- Task to complete: Search the listing below for the line with "Antique 19th century", then write out that line and every one after it exactly, without the pictures.

- Data:
┄┄┄┄┄┄┄┄┄┄

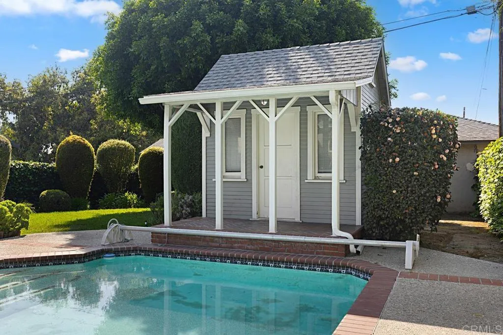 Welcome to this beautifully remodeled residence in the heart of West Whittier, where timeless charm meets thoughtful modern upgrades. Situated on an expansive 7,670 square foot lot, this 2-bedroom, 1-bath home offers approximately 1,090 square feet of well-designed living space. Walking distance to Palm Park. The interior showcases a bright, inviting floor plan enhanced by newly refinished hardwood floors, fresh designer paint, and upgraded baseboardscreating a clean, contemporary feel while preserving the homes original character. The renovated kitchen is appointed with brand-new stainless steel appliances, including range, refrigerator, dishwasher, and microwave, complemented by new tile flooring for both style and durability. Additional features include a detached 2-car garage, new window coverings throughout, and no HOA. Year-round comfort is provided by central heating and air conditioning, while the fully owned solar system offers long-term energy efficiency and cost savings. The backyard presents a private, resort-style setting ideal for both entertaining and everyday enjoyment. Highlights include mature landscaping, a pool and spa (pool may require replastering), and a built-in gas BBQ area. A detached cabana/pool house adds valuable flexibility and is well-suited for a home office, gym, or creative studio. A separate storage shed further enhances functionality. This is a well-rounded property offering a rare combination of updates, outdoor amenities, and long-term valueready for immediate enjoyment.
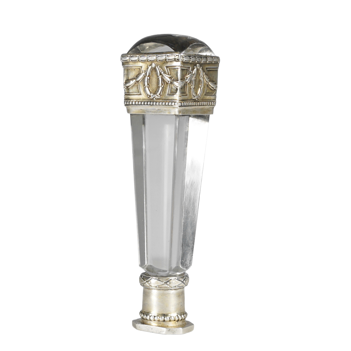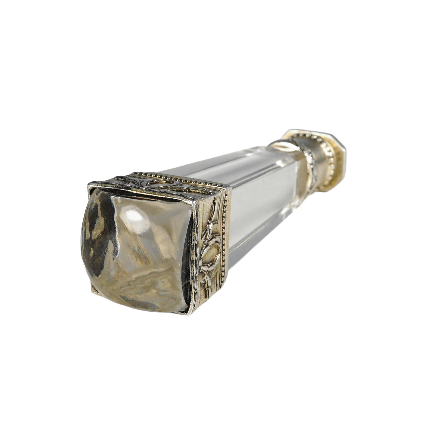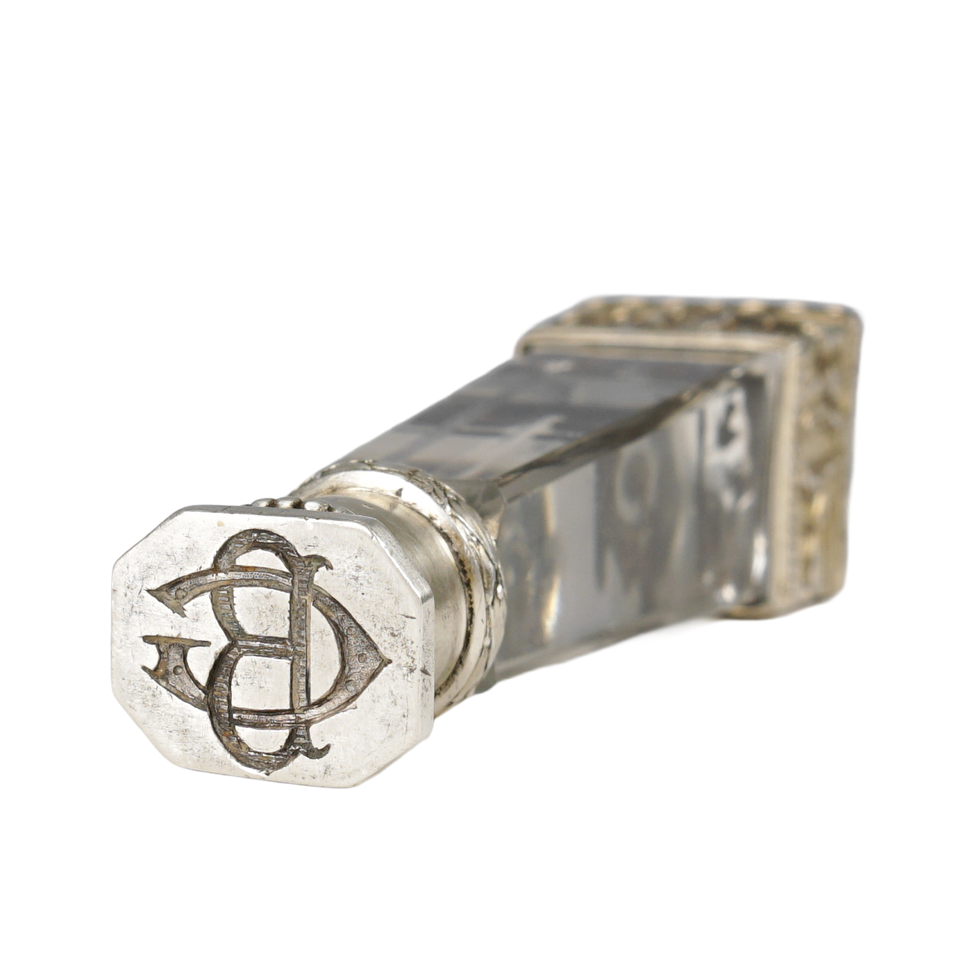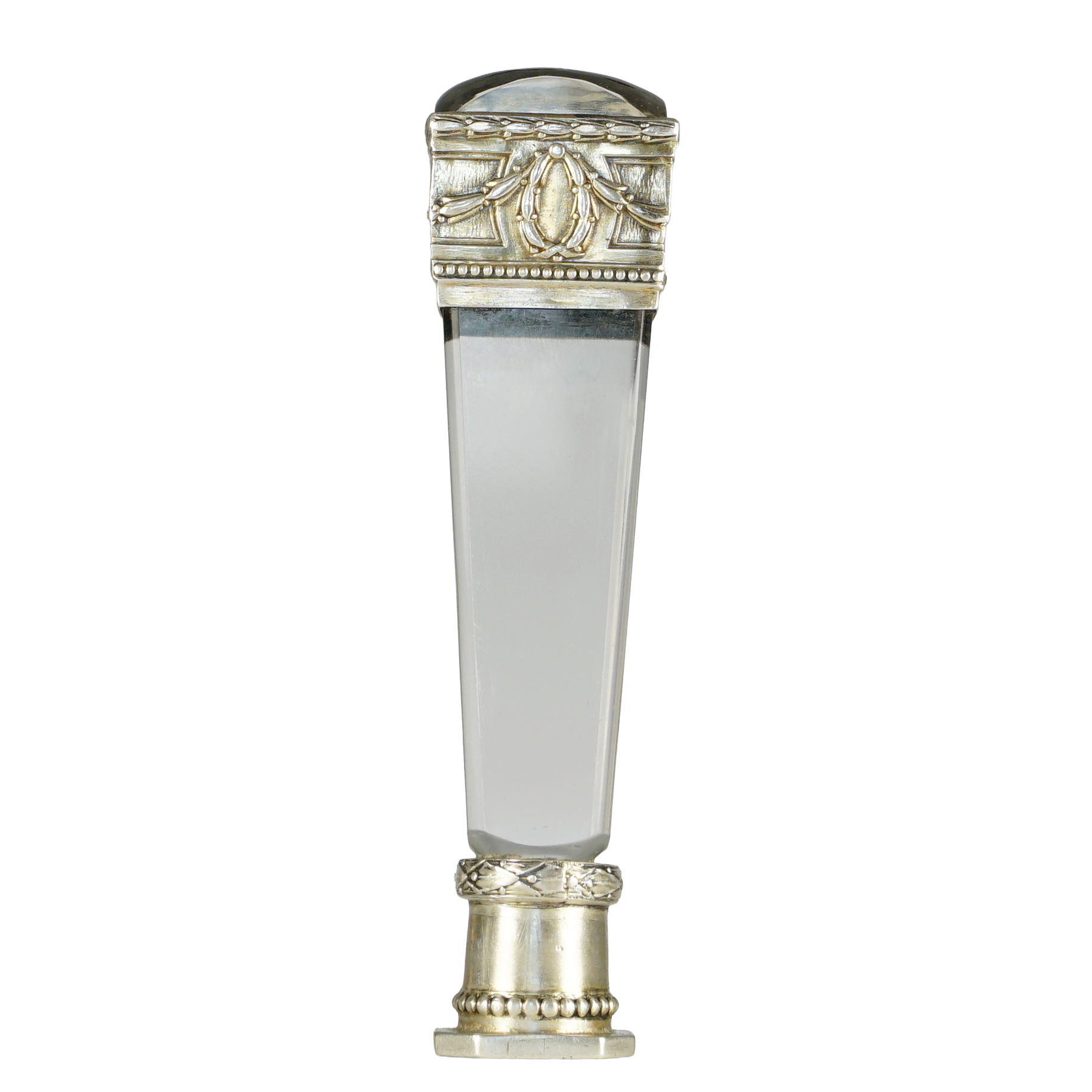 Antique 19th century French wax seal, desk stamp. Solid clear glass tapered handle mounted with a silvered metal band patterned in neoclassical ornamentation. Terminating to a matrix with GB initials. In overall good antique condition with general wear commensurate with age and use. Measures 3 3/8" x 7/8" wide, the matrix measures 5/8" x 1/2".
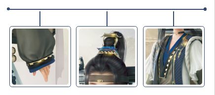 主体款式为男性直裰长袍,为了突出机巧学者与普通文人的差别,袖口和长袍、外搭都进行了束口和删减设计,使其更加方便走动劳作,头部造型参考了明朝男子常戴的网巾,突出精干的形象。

┄┄┄┄┄┄┄┄┄┄

- Exercise solution:
 Antique 19th century French wax seal, desk stamp. Solid clear glass tapered handle mounted with a silvered metal band patterned in neoclassical ornamentation. Terminating to a matrix with GB initials. In overall good antique condition with general wear commensurate with age and use. Measures 3 3/8" x 7/8" wide, the matrix measures 5/8" x 1/2".
 主体款式为男性直裰长袍,为了突出机巧学者与普通文人的差别,袖口和长袍、外搭都进行了束口和删减设计,使其更加方便走动劳作,头部造型参考了明朝男子常戴的网巾,突出精干的形象。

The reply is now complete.